Forse questa gemma è un modo per ringraziarla per tutto quello che ha fatto e che continua a fare per me: non ha avuto una vita facile e ancora adesso nella sua vita ci sono alcuni ostacoli, motivo per il quale la considero una delle persone più forti che conosco.
Per me, lei è più che una semplice nonna: è un esempio e una persona da cui traggo sempre ispirazione e che ammiro molto” (E. classe terza).

“Caro papà…
Sai che ogni tanto mi capita ancora di vederti. Quando chiudo gli occhi certe sere prima di dormire, ti sento ancora passare tra le mie giornate. A volte tiro fuori i tuoi vecchi vestiti, li guardo a lungo, ma anche se volessi non riuscirei a metterli. Gli armadi sono ancora pieni dei tuoi vestiti, la mamma dice che è perché non ha mai tempo di buttarli, ma io so che non è vero, in realtà è perché non vuole. Una volta l’ho vista accarezzare un tuo maglione dopo che ci aveva messo il tuo profumo sopra. A volte vorrei poterti re-incontrare, anche solo per cinque minuti. Ne avrei di cose da dirti che cinque minuti non mi basterebbero, ma se li avessi me li farei bastare. Ti direi che ci manchi e che senza di te a tavola si sorride un po’ meno. Ti direi che sto bene e che nonostante tutto me la cavo, anche se non è facile crescere senza i tuoi consigli. Ti direi che stanno tutti bene. F. sta diventando una donna e mamma è sempre più bella, ogni giorno che passa. Ti direi questo e ti direi grazie per quello che mi hai dato e per quello che mi stai ancora dando. Anche se fanno tutti finta di niente e fanno finta che non ci sei più, io lo so che sei ancora qui con me. So che in quelle giornate in cui tutto mi crolla addosso, sei tu a darmi la forza, sei tu a darmi quei pochi secondi in più e sei sempre tu a non farmi mollare la presa. Lo so che ci sei, che non mi hai lasciato e che mi proteggi. So che anche se sbaglio in tante cose, non sbaglio a guardare il cielo e dirti grazie quando torno a sorridere. Se solo potessi rivederti anche solo per cinque minuti, ti direi grazie per vivere ancora in me. E anche se quei cinque minuti non ce li da nessuno queste cose te le dico lo stesso, perché so che in un modo o nell’altro, le sentirai” (A. classe quarta).

“Ho deciso di portare come gemma lui. Lui è il mio “secondo” papà, quello che fino al suo arrivo non ho mai avuto. Si chiama F. e per molti anni si è preso cura di me, insieme a mia mamma. F. non è il mio vero papà, ma è come se lo fosse. Mi ha cresciuta, mi ha insegnato ad affrontare la vita, si è preso cura di me, quando stavo male c’è sempre stato e quando mi vede giù è il primo a chiedermi cosa succede.
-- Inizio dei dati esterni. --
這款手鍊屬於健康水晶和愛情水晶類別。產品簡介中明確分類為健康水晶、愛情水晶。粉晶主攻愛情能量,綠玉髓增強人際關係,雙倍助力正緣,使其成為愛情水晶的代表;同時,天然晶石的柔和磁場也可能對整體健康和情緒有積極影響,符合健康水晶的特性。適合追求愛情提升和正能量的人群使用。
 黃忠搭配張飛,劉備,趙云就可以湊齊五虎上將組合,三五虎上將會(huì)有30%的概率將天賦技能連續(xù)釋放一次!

Io sono convinta che il papà è colui che ti cresce e che fa quel ruolo, prendendosi cura di te, non abbandonandoti. Franco per me è il mio migliore amico, abbiamo un rapporto speciale ed è la persona a cui sono più legata, gli voglio tanto bene ed è uno dei pochi con cui mi sento davvero me stessa” (L. classe seconda).

“Ho deciso di portare come gemma una foto di mio fratello. Ho scelto lui perché, oltre ad essere mio fratello, è anche il mio migliore amico. Noi non ci diciamo segreti o cose che normalmente si dicono i migliori amici, ma so che per me ci sarà sempre e posso sempre contare su di lui” (B. classe prima).
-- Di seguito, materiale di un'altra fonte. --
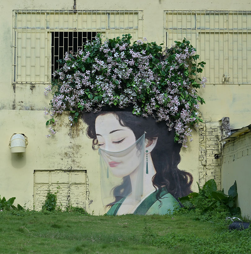 荒芜空地被改造成为一幅“蔷薇女孩”艺术墙绘,成为岐创文化产业园的网红打卡新地标。(摄影|缪晓剑)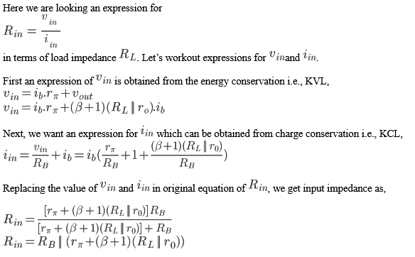 Since, 𝛽 is typically of the order of 100, the input impedance is ~100 times greater than . For , .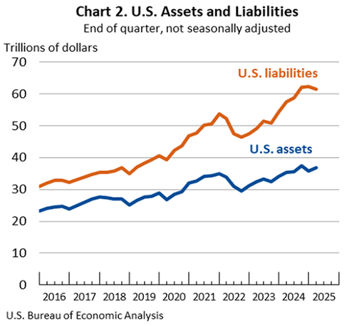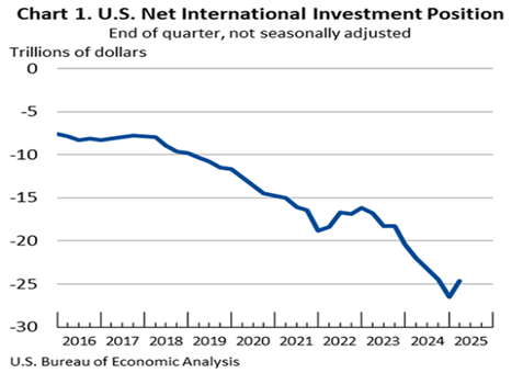 Trump’s plan to restore American industrial superiority with tariffs and bombs will not succeed. The relative decline of US industry will not be reversed. But what about that financial decline? We can see what is happening there if we look at the net international investment position (NIIP) of the US economy. This measures the amount of foreign assets held by US institutions against the amount of US assets held by foreign institutions, ie the net position of US foreign assets and liabilities. What are these assets and liabilities? They are the outstanding direct investments held; outstanding holdings of stocks (equities) and bonds; and holdings of cash and short-term securities.

“Ho deciso di portare Mockingbird di Eminem perché oltre ad essere una delle mie canzoni preferite, per me ha anche un significato molto profondo. Rappresenta l’amore di un padre verso la figlia che cerca di provare a uscire dalla povertà per assicurare una vita migliore alla sua famiglia in cui la madre è assente.
Questa canzone è molto importante per me perché me l’ha consigliata una persona a cui ero molto legata ma con cui ho perso i rapporti e mi ricorda le giornate in cui passavamo ad ascoltare questa canzone e in cui parlavamo di musica, infatti avevamo gli stessi gusti in questo campo. Adesso ascoltando questa canzone mi commuovo quasi ogni volta, sia perché è una canzone particolarmente triste sia perché mi ricordo dei bei momenti che io e questa persona abbiamo vissuto insieme. Penso anche al fatto che le amicizie (come tutti i rapporti con le persone) non possano mai durare per sempre e bisogna vivere ogni attimo al meglio, sia i momenti tristi che quelli felici e assaporarne tutte le sfumature.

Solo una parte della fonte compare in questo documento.